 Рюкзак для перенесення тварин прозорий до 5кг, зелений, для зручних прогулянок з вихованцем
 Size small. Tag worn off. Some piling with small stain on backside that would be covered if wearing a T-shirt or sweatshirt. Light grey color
------------------------------------------------------------
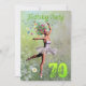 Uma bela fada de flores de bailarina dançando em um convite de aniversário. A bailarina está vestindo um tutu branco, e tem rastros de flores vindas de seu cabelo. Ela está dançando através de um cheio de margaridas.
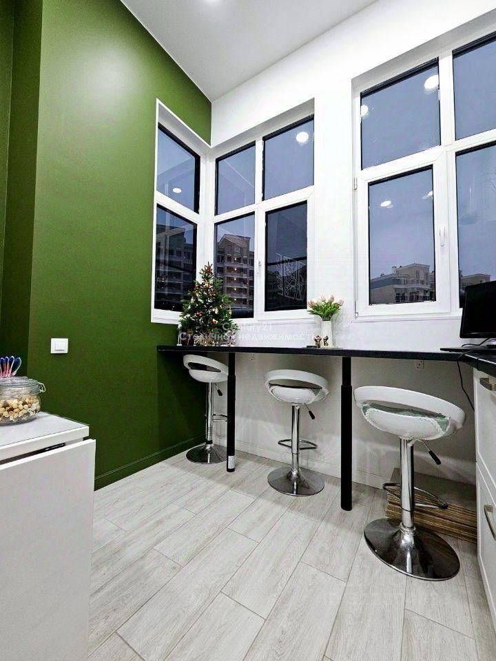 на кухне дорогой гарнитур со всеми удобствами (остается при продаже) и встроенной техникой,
------------------------------------------------------------
What is required —
All lines above from the line with "Рюкзак для перенесення" through the line with "Size small. Tag", both included, are to be set down exactly, with nothing else.

Response below —
 Рюкзак для перенесення тварин прозорий до 5кг, зелений, для зручних прогулянок з вихованцем
 Size small. Tag worn off. Some piling with small stain on backside that would be covered if wearing a T-shirt or sweatshirt. Light grey color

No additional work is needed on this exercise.